15- after few minutes I've ran rpm -aV again ... and found that some of the just installed files got changed ... so started thinking "can there be an sudoer who has root privileges and is playing with me?" ... and yes found one .. "zabbix" user was an sudoer who could run ALL system commands without even asking for password ... so I've compared the /etc/sudoers file with the files on other servers where zabbix agent or server was running and found that zabbix isn't an sudoer on those servers ... so I ran "visudo", the command used to change the /etc/sudoers file, edited it and commented the line of zabbix ... I hope this solved a security problem ... but it didn't help with the problem-in-action at all ...
16- So started to read and search deeper and deeper on pipefs , SIGPIPE, and "Broken pipe" .... then caught something; "pipe" from a kernel point of view doesn't mean only "pipes" but can, also, mean sockets and other FIFO files .... so, OK , can there be a maximum limit for sockets ? does the "sockets" that appear in "netstat -a" count on this limit? can there be a process using too many sockets to the limit that effect other processes ?
17- then ran "netstat -a" and noticed a process called nscd using too many sockets .. then "Yes, that's a service, why not restart it?" .. restarted it and found that the problem got fixed ... yes it got fixed .. tried again and again ... and yes it got fixed .... the `Broken pipe' got fixed :), alhamdo lilah ...
"the nscd caches name service lookups. It can dramatically improve performance with NIS+ and may help with DNS as well.", the official definition says...
18- I tried to stop the service and watch the /proc/net/sockstat file ; the "sockets: used" value was more than 1100
started it again and watched /proc/net/sockstat ; the "sockets: used" value was still nearly the same ...
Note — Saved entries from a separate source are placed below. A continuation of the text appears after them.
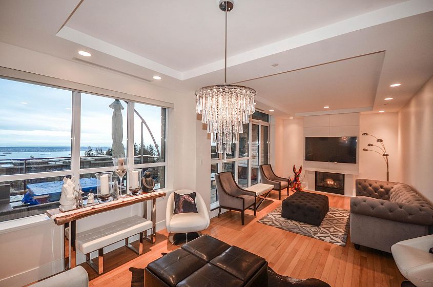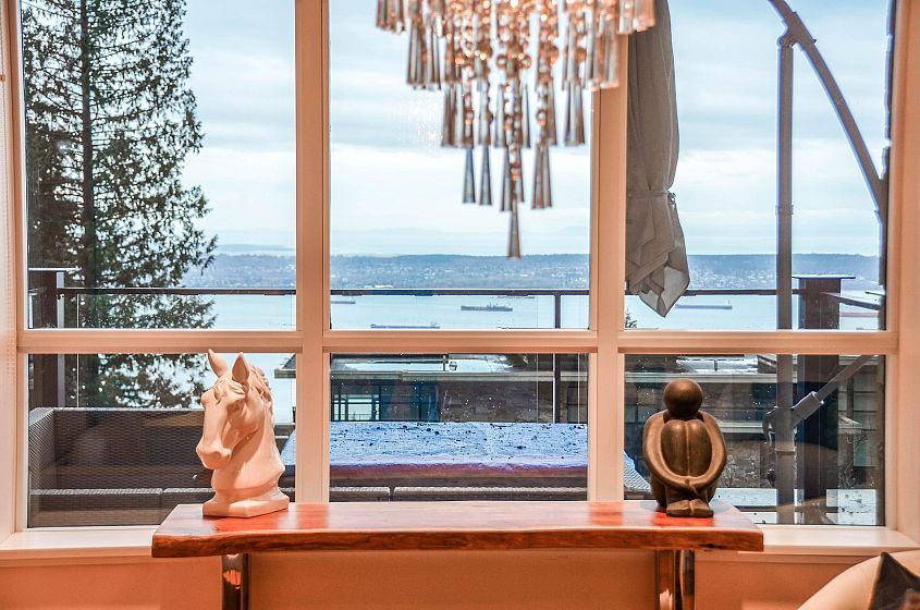 Luxury townhome living in West Vancouver’s prestigious British Properties. This private corner residence offers over 2,000 sq ft on two levels, with floor-to-ceiling windows that frame sweeping views from the city to Vancouver Island. Designed for quiet comfort and style, the home features a gourmet kitchen with high-end appliances, elegant stone finishes, and spacious living and dining areas. Both bedrooms include ensuites, while two private patios, a walk-in closet, ample storage, and a secure 2-car garage add to the convenience. A rare opportunity to own in The Properties at Twin Creek Place.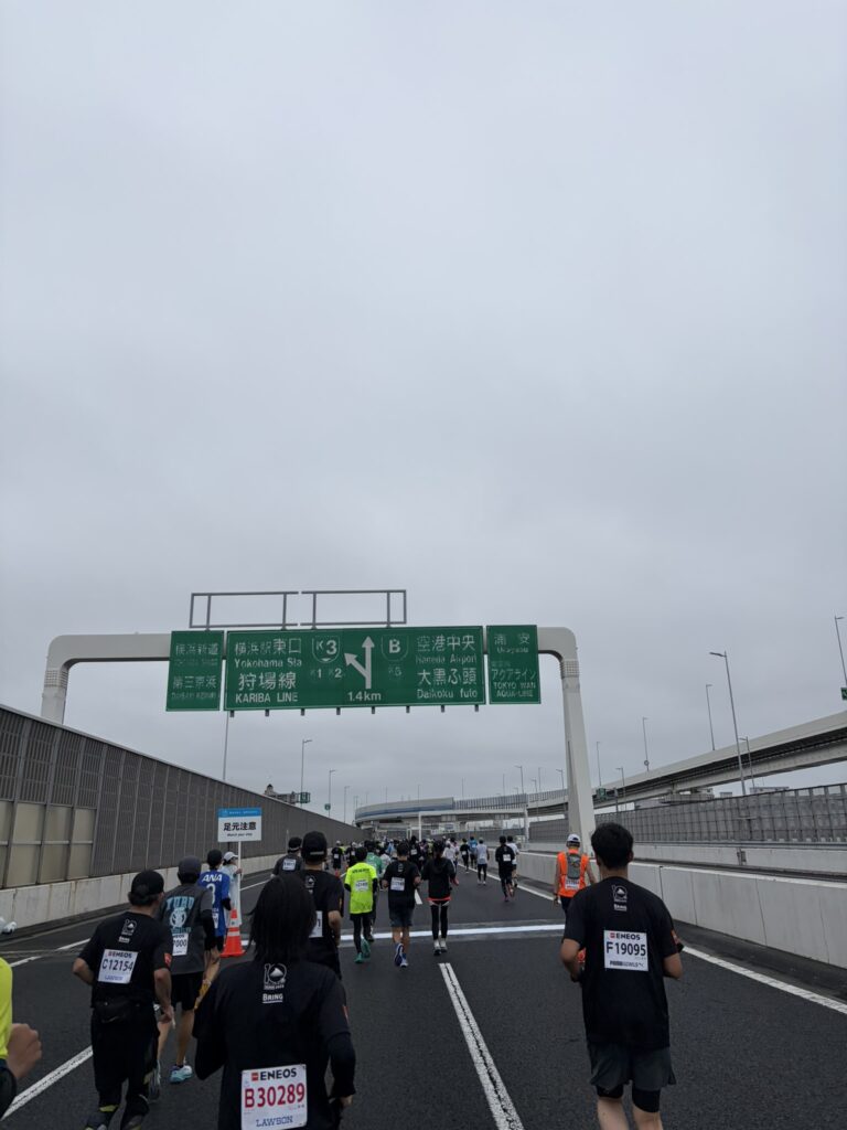 赤レンガ倉庫、山下公園のそばを駆け抜け、さらに普段は立ち入ることのできない高速道路の一部もコースになっていたんです。非日常感満載です。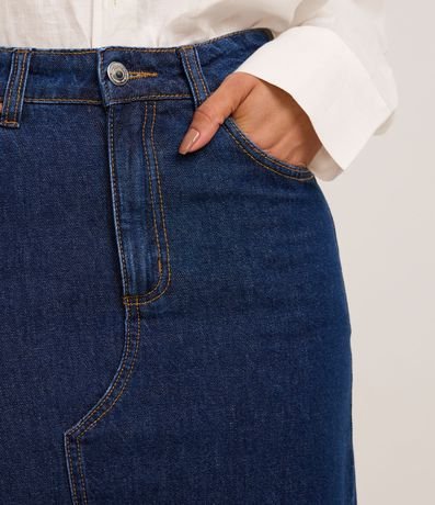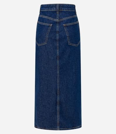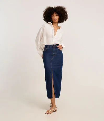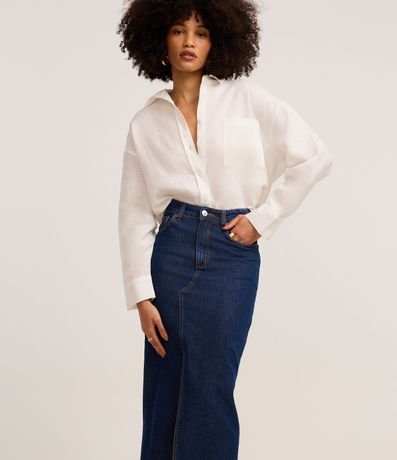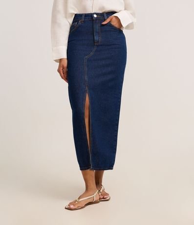 Saia midi feminina, confeccionada em jeans, composto por algodão certificado BCI. A peça conta com passantes no cós, fechamento em botão e fenda frontal.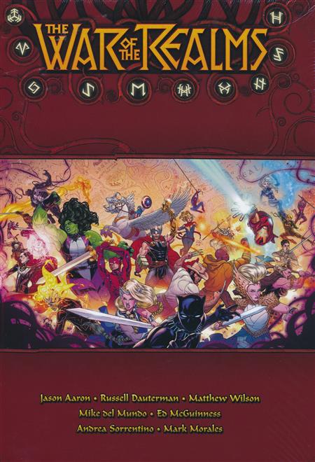 The Ten Realms have all fallen to Malekith and his army - except one. Now, at last, Midgard burns! All hell breaks loose in New York City as Malekith and his allies begin their assault - and with Thor trapped in the land of the Frost Giants, Earth's forces are overwhelmed! What can possibly stop the diabolical Dark Elf and his army? Spider-Man, Captain America, the Punisher, Ghost Rider, Blade, Hulk and more join the fray as Jason Aaron's epic THOR saga reaches a crescendo that explodes across the Marvel Universe! Featuring all of Aaron's WAR OF THE REALMS stories in one legendary hardcover - including The War of the Realms (2019) #1-#6, War of the Realms Omega (2019) #1, War of the Realms: War Scrolls (2019) #1-#3, The War of the Realms Strikeforce: The Land of the Giants (2019) #1, War of the Realms Strikeforce: The Dark Elf Realm (2019) #1, The War of the Realms Strikeforce: The War Avengers (2019) #1, Giant-Man (2019) #1-#3, The War of the Realms: Journey Into Mystery (2019) #1-#5, Spider-#Man & the League of Realms (2019) #1-#3, The War of the Realms: The Punisher (2019) #1-#3, War of the Realms: Uncanny X-#Men (2019) #1-#3, The War of the Realms: New Agents of Atlas (2019) #1-#4, Asgardians of the Galaxy (2018) #8-#10, Tony Stark: Iron Man (2018) #12-#13, Venom (2018) #13-#15, Thor (2018) #8-#16, Avengers (2018) #18-#20, Captain Marvel (2019) #6-#7, Champions (2019) #5-#6, Deadpool (2018) #13-#14, Fantastic Four (2018) #10, Moon Girl and Devil Dinosaur (2016) #43, The Superior Spider-#Man (2019) #7-#8, and The Unbeatable Squirrel Girl (2015) #43-#46.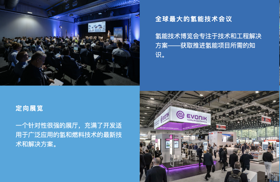 歐洲氫能技術博覽會是全球最大的提供氫能技術、材料、組件和工程解決方案的供應商展覽會,從制氫、氫能發電、儲運、加氫站及氫燃料電池汽車應用的設備貿易專場活動,重點關注低碳氫氣生產、高效儲存和分配以及各種固定和移動應用的解決方案和創新。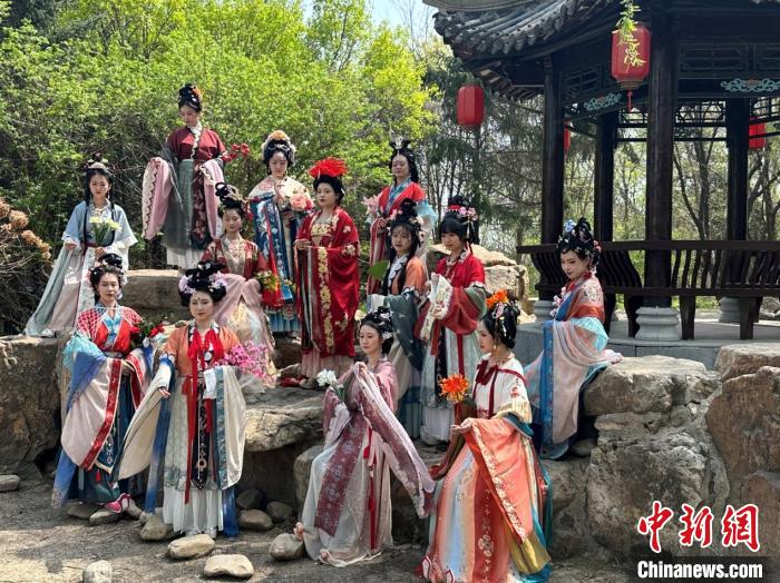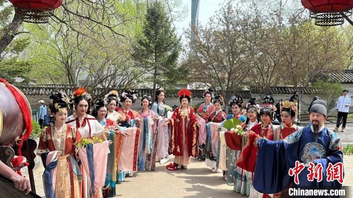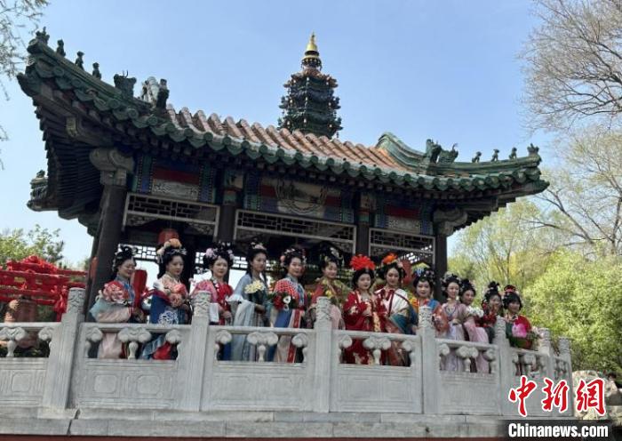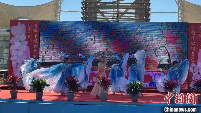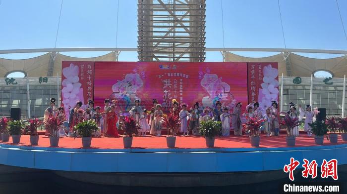 中新网沈阳5月1日电(记者赵桂华)清风碧水,绿树红桃,勾勒出一幅春日美景。5月1日,以“百媚千娇共花朝”为主题的2024沈阳植物园第二届花朝节正式拉开帷幕,霓裳映春景,花朝尽倾城。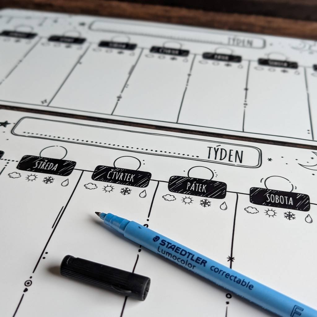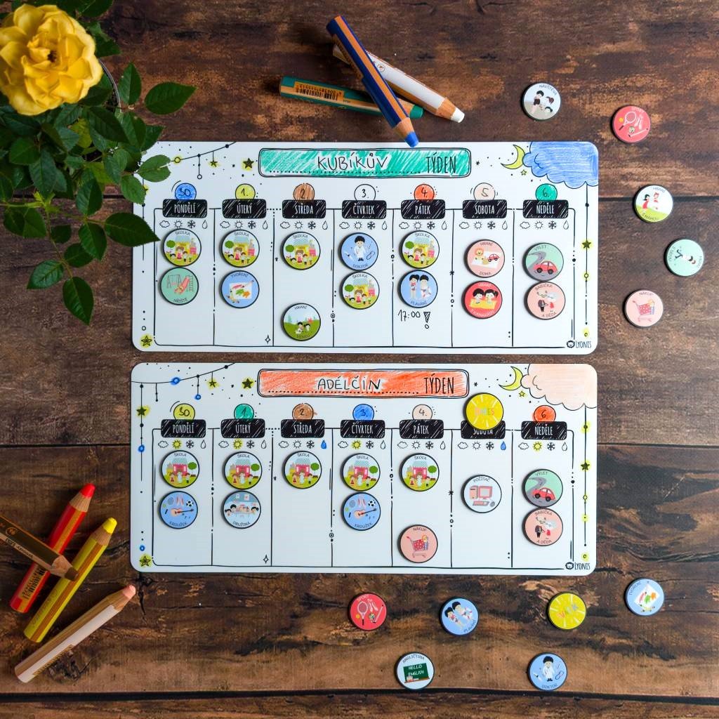 Týdenní plánovací sada pro 2 děti: 2 x Malý týdenní plán (Černobílá edice)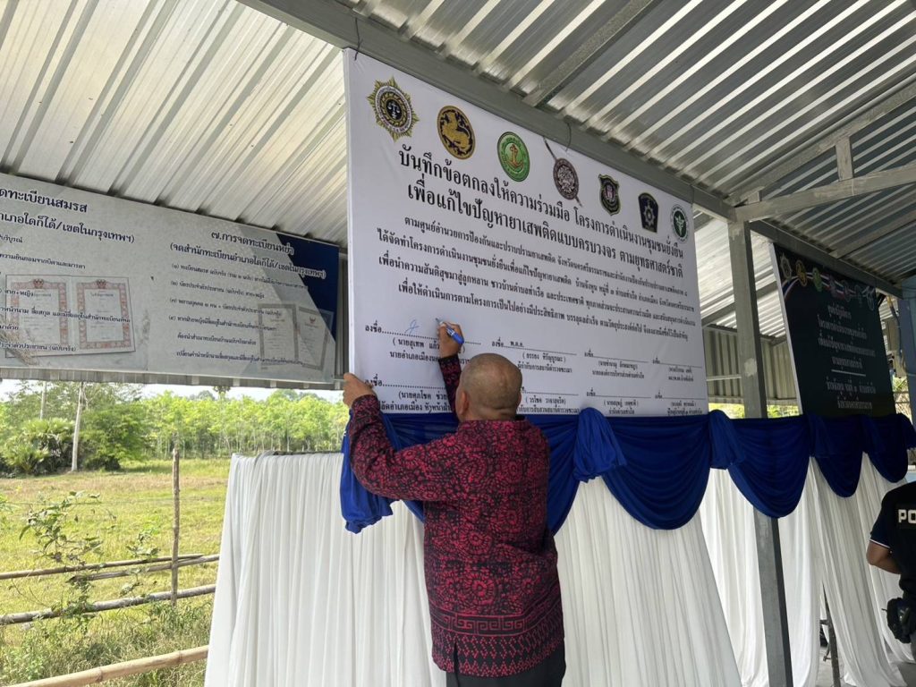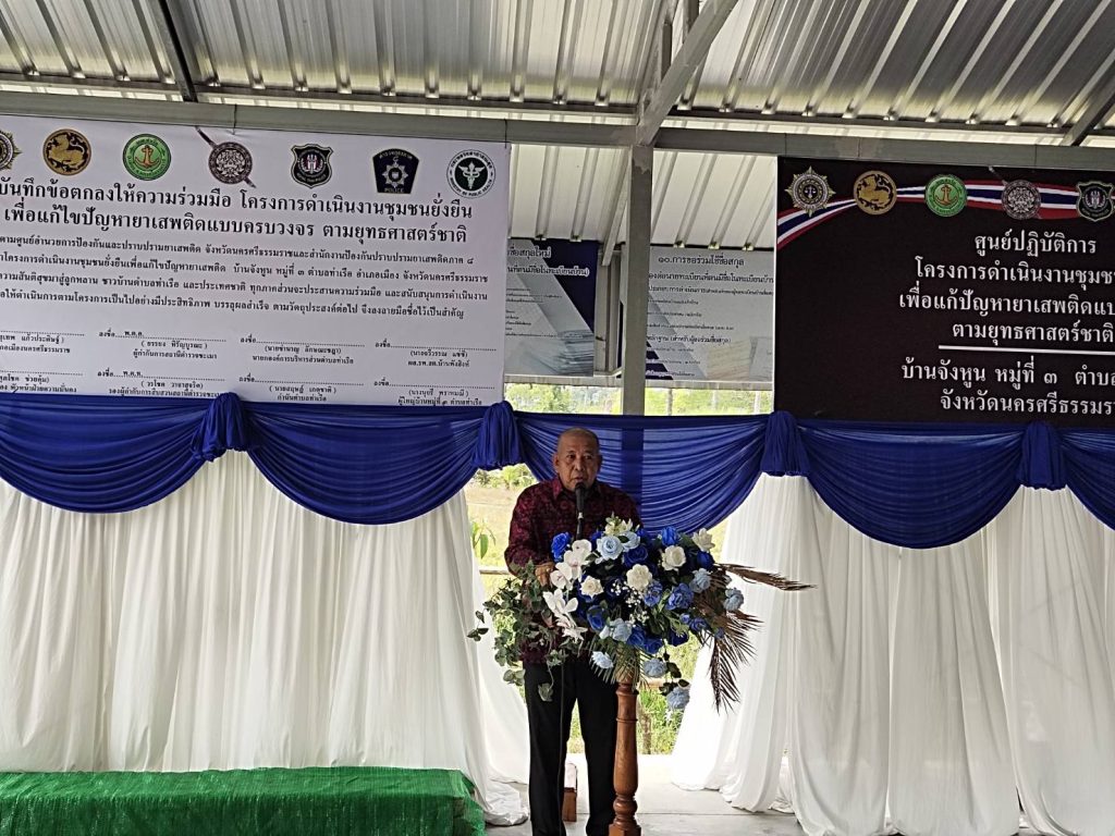 ได้ทำพิธีเปิดโครงการชุมชนยั่งยืนเพื่อแก้ไขปัญหายาเสพติดแบบครบวงจร ตามยุทธศาสตร์ชาติ หมู่บ้าน บ้านจังหูน หมู่ที่ 3 ตำบลท่าเรืออำเภอเมือง จังหวัดนครศรีธรรมราช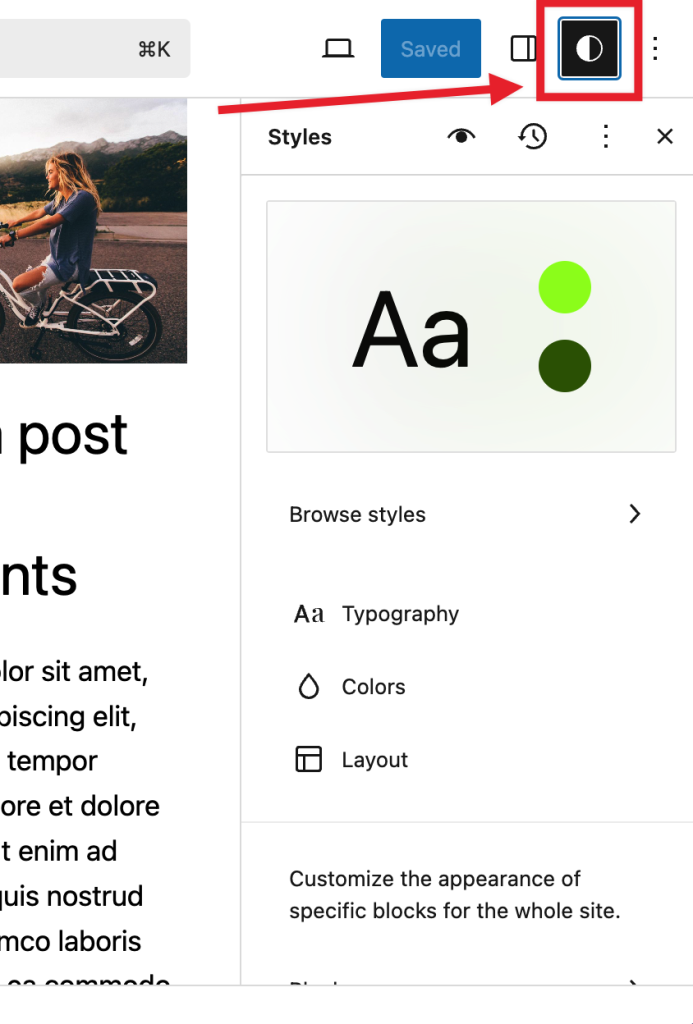 - Click the Styles menu item or on the icon next to the block settings sidebar.

so stopped it and watched "netstat -a" and found that nscd is still using too many sockets even when the service was stopped ... so I checked the running processes and found that there are still some nscd processes .. so "killall -9 nscd" and it worked then ... the "sockets: used" value doesn't exceed 120 when nscd is really stopped .... so I've stopped it and turned it off on startup ... I think it's nearly useless on that server ... any way that a reversible change ...
19- I've done too many different tests continuously for more than 2 hours to make sure that the problem got fixed and, alhamdo lilah, none failed ...
=Now it's too many days after the problem and it didn't occur again ...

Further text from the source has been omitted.